## WHAT IS REQUIRED
Write the listing out again exactly as it stands, with no images.

## INPUT DATA
----------

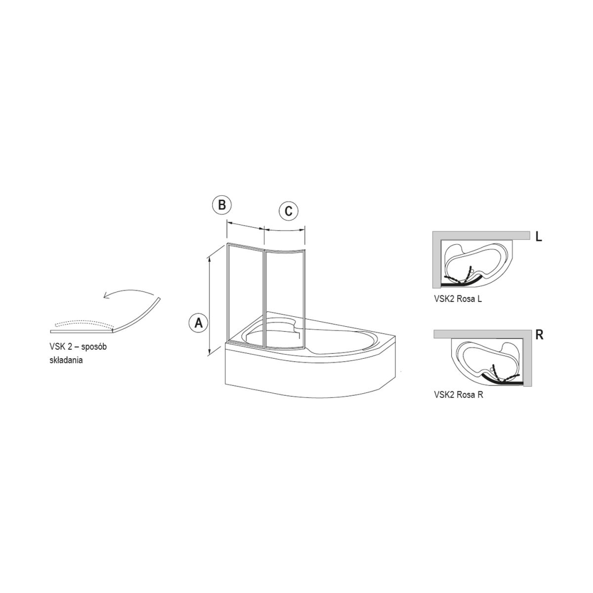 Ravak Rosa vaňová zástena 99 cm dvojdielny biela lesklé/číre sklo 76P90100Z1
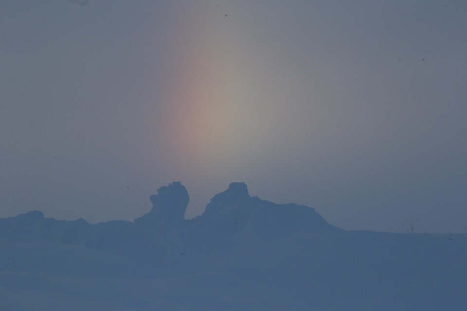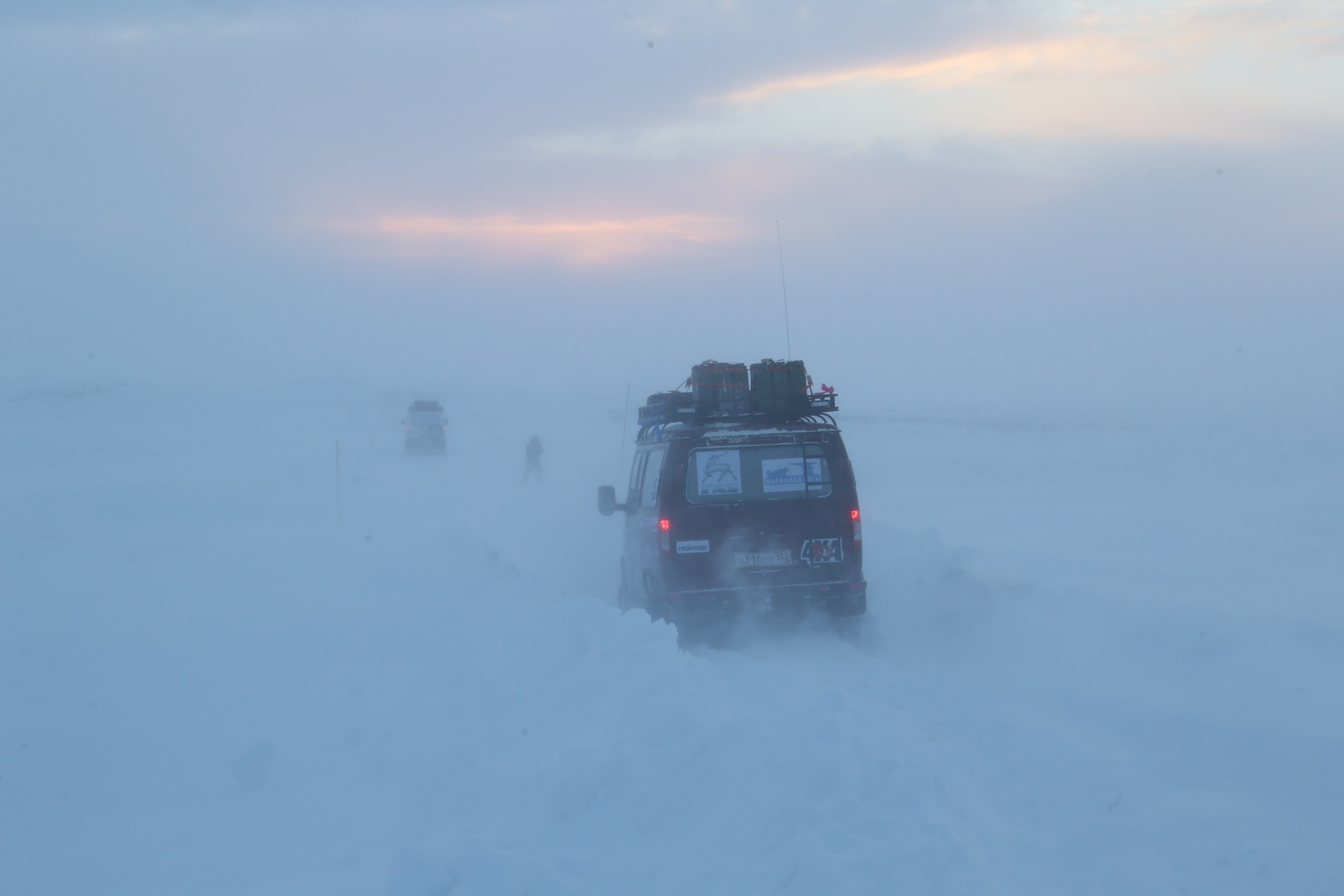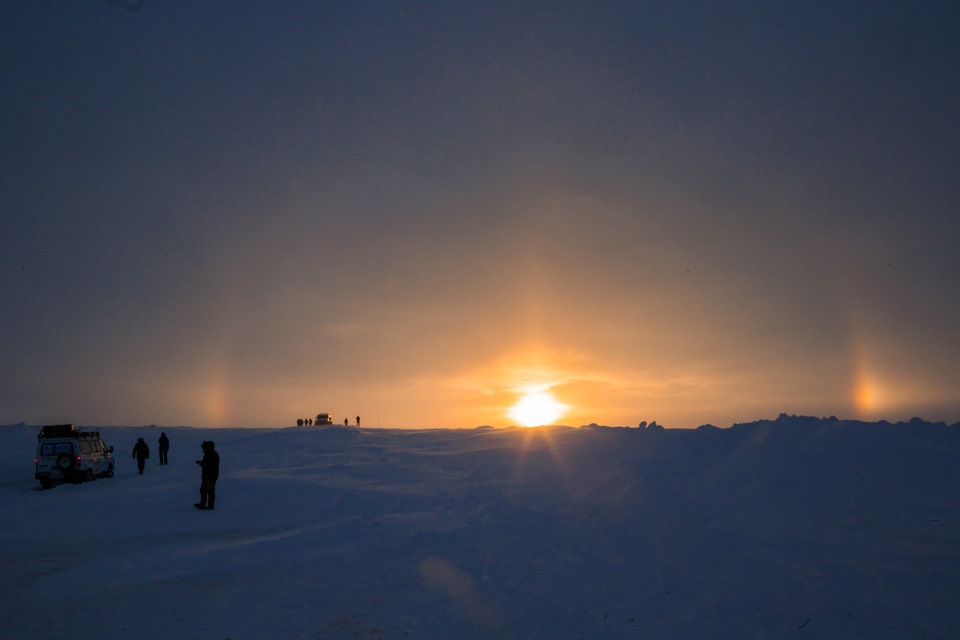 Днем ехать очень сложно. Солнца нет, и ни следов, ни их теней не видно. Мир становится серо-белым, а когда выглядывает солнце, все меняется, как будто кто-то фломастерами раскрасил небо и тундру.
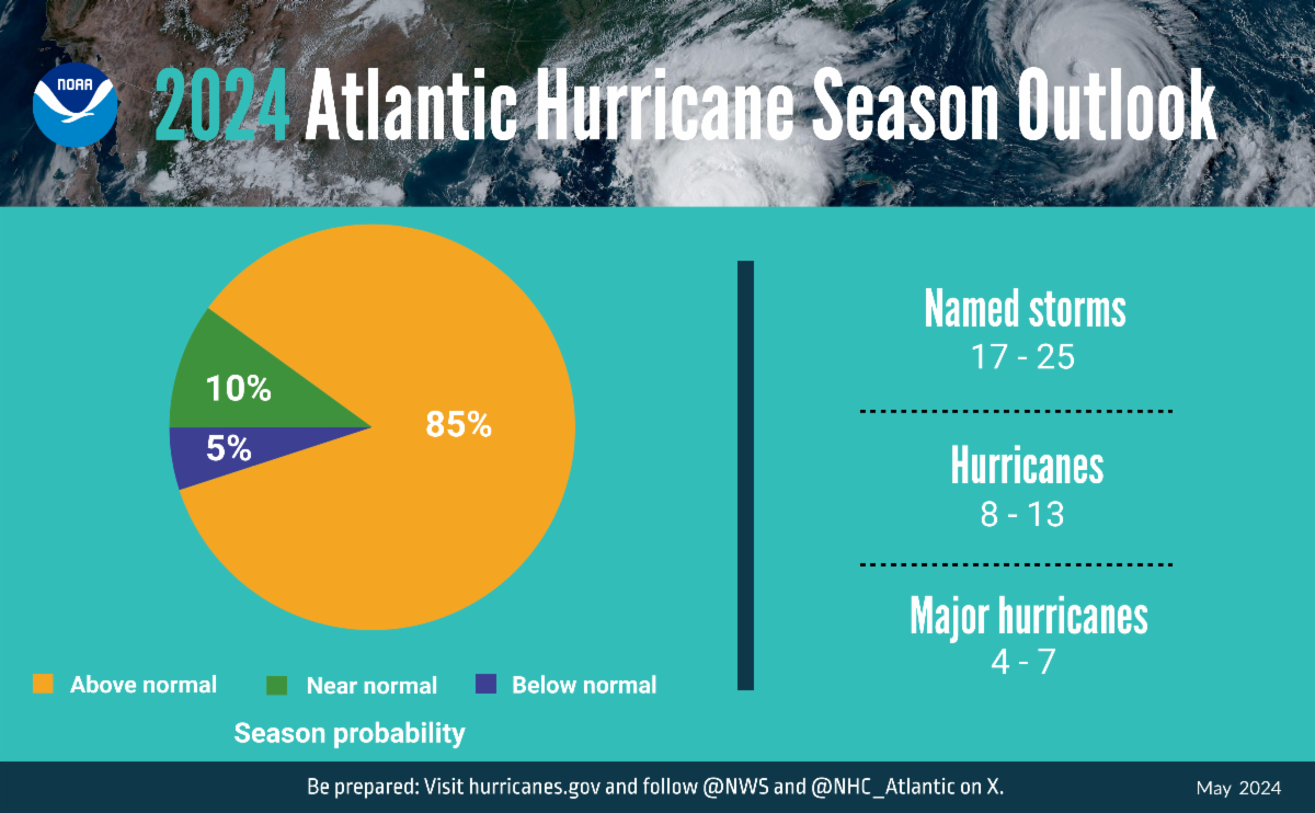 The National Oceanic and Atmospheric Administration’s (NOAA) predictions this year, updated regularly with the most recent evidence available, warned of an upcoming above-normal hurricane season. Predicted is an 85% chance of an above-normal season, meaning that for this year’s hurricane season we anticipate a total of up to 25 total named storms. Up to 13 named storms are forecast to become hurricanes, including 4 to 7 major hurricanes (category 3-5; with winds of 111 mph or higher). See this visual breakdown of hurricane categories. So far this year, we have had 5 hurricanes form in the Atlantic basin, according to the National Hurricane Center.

----------

## SOLUTION
 Ravak Rosa vaňová zástena 99 cm dvojdielny biela lesklé/číre sklo 76P90100Z1
 Днем ехать очень сложно. Солнца нет, и ни следов, ни их теней не видно. Мир становится серо-белым, а когда выглядывает солнце, все меняется, как будто кто-то фломастерами раскрасил небо и тундру.
 The National Oceanic and Atmospheric Administration’s (NOAA) predictions this year, updated regularly with the most recent evidence available, warned of an upcoming above-normal hurricane season. Predicted is an 85% chance of an above-normal season, meaning that for this year’s hurricane season we anticipate a total of up to 25 total named storms. Up to 13 named storms are forecast to become hurricanes, including 4 to 7 major hurricanes (category 3-5; with winds of 111 mph or higher). See this visual breakdown of hurricane categories. So far this year, we have had 5 hurricanes form in the Atlantic basin, according to the National Hurricane Center.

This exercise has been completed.